= WORK TO BE COMPLETED =
What follows is a set of records. Repeat them word for word.

= EXTRACTED RECORDS =
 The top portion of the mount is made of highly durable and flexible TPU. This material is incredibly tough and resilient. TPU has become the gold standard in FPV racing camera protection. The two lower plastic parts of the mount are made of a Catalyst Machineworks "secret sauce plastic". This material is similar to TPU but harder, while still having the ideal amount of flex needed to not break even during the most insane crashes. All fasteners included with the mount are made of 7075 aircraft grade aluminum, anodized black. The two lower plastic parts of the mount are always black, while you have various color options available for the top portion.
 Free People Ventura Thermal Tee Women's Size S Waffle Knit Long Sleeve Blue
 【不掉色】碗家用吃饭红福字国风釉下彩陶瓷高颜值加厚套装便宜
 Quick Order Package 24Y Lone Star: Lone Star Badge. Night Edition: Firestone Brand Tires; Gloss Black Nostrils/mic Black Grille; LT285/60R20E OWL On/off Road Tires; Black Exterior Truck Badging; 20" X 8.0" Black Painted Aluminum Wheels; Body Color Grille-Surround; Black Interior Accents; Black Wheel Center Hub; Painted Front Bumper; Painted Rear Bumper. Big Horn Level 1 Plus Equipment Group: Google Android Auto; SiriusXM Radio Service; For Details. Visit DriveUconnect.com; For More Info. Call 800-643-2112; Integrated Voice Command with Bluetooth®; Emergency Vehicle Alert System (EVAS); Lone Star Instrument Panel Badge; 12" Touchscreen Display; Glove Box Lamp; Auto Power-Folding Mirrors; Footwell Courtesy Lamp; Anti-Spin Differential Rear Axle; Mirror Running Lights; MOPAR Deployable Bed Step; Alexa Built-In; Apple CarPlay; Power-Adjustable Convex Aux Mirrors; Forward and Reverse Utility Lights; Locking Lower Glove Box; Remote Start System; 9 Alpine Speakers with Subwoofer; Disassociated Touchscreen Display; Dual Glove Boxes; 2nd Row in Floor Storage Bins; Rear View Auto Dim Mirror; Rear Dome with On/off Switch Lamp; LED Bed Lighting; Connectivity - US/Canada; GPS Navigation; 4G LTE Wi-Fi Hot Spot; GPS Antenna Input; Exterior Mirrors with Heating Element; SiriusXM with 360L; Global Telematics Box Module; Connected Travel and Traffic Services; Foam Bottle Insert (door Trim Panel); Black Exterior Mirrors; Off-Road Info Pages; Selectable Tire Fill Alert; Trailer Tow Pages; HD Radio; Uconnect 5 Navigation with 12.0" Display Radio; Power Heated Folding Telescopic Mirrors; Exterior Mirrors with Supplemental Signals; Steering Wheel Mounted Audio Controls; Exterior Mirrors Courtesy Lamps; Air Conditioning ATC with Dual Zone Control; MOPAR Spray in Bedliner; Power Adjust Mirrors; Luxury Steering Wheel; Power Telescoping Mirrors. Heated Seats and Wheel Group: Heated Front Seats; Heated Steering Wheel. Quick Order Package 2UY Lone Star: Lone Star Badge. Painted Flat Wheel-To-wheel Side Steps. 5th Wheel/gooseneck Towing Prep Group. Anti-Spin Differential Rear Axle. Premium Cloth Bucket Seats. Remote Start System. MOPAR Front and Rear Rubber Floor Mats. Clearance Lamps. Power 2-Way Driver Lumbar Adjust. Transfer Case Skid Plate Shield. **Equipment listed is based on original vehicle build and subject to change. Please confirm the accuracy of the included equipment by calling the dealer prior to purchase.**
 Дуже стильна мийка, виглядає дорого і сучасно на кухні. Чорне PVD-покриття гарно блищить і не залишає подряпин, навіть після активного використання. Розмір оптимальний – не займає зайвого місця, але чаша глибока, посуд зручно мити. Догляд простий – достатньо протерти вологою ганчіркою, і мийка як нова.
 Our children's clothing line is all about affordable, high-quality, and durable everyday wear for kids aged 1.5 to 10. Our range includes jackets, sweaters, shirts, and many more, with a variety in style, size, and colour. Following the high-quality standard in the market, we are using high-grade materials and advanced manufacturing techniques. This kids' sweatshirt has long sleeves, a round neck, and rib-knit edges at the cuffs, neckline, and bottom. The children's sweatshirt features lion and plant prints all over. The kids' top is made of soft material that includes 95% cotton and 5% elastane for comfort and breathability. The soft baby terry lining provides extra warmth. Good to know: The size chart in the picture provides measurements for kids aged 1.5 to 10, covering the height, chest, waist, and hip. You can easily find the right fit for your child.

= FINISHED TASK =
 The top portion of the mount is made of highly durable and flexible TPU. This material is incredibly tough and resilient. TPU has become the gold standard in FPV racing camera protection. The two lower plastic parts of the mount are made of a Catalyst Machineworks "secret sauce plastic". This material is similar to TPU but harder, while still having the ideal amount of flex needed to not break even during the most insane crashes. All fasteners included with the mount are made of 7075 aircraft grade aluminum, anodized black. The two lower plastic parts of the mount are always black, while you have various color options available for the top portion.
 Free People Ventura Thermal Tee Women's Size S Waffle Knit Long Sleeve Blue
 【不掉色】碗家用吃饭红福字国风釉下彩陶瓷高颜值加厚套装便宜
 Quick Order Package 24Y Lone Star: Lone Star Badge. Night Edition: Firestone Brand Tires; Gloss Black Nostrils/mic Black Grille; LT285/60R20E OWL On/off Road Tires; Black Exterior Truck Badging; 20" X 8.0" Black Painted Aluminum Wheels; Body Color Grille-Surround; Black Interior Accents; Black Wheel Center Hub; Painted Front Bumper; Painted Rear Bumper. Big Horn Level 1 Plus Equipment Group: Google Android Auto; SiriusXM Radio Service; For Details. Visit DriveUconnect.com; For More Info. Call 800-643-2112; Integrated Voice Command with Bluetooth®; Emergency Vehicle Alert System (EVAS); Lone Star Instrument Panel Badge; 12" Touchscreen Display; Glove Box Lamp; Auto Power-Folding Mirrors; Footwell Courtesy Lamp; Anti-Spin Differential Rear Axle; Mirror Running Lights; MOPAR Deployable Bed Step; Alexa Built-In; Apple CarPlay; Power-Adjustable Convex Aux Mirrors; Forward and Reverse Utility Lights; Locking Lower Glove Box; Remote Start System; 9 Alpine Speakers with Subwoofer; Disassociated Touchscreen Display; Dual Glove Boxes; 2nd Row in Floor Storage Bins; Rear View Auto Dim Mirror; Rear Dome with On/off Switch Lamp; LED Bed Lighting; Connectivity - US/Canada; GPS Navigation; 4G LTE Wi-Fi Hot Spot; GPS Antenna Input; Exterior Mirrors with Heating Element; SiriusXM with 360L; Global Telematics Box Module; Connected Travel and Traffic Services; Foam Bottle Insert (door Trim Panel); Black Exterior Mirrors; Off-Road Info Pages; Selectable Tire Fill Alert; Trailer Tow Pages; HD Radio; Uconnect 5 Navigation with 12.0" Display Radio; Power Heated Folding Telescopic Mirrors; Exterior Mirrors with Supplemental Signals; Steering Wheel Mounted Audio Controls; Exterior Mirrors Courtesy Lamps; Air Conditioning ATC with Dual Zone Control; MOPAR Spray in Bedliner; Power Adjust Mirrors; Luxury Steering Wheel; Power Telescoping Mirrors. Heated Seats and Wheel Group: Heated Front Seats; Heated Steering Wheel. Quick Order Package 2UY Lone Star: Lone Star Badge. Painted Flat Wheel-To-wheel Side Steps. 5th Wheel/gooseneck Towing Prep Group. Anti-Spin Differential Rear Axle. Premium Cloth Bucket Seats. Remote Start System. MOPAR Front and Rear Rubber Floor Mats. Clearance Lamps. Power 2-Way Driver Lumbar Adjust. Transfer Case Skid Plate Shield. **Equipment listed is based on original vehicle build and subject to change. Please confirm the accuracy of the included equipment by calling the dealer prior to purchase.**
 Дуже стильна мийка, виглядає дорого і сучасно на кухні. Чорне PVD-покриття гарно блищить і не залишає подряпин, навіть після активного використання. Розмір оптимальний – не займає зайвого місця, але чаша глибока, посуд зручно мити. Догляд простий – достатньо протерти вологою ганчіркою, і мийка як нова.
 Our children's clothing line is all about affordable, high-quality, and durable everyday wear for kids aged 1.5 to 10. Our range includes jackets, sweaters, shirts, and many more, with a variety in style, size, and colour. Following the high-quality standard in the market, we are using high-grade materials and advanced manufacturing techniques. This kids' sweatshirt has long sleeves, a round neck, and rib-knit edges at the cuffs, neckline, and bottom. The children's sweatshirt features lion and plant prints all over. The kids' top is made of soft material that includes 95% cotton and 5% elastane for comfort and breathability. The soft baby terry lining provides extra warmth. Good to know: The size chart in the picture provides measurements for kids aged 1.5 to 10, covering the height, chest, waist, and hip. You can easily find the right fit for your child.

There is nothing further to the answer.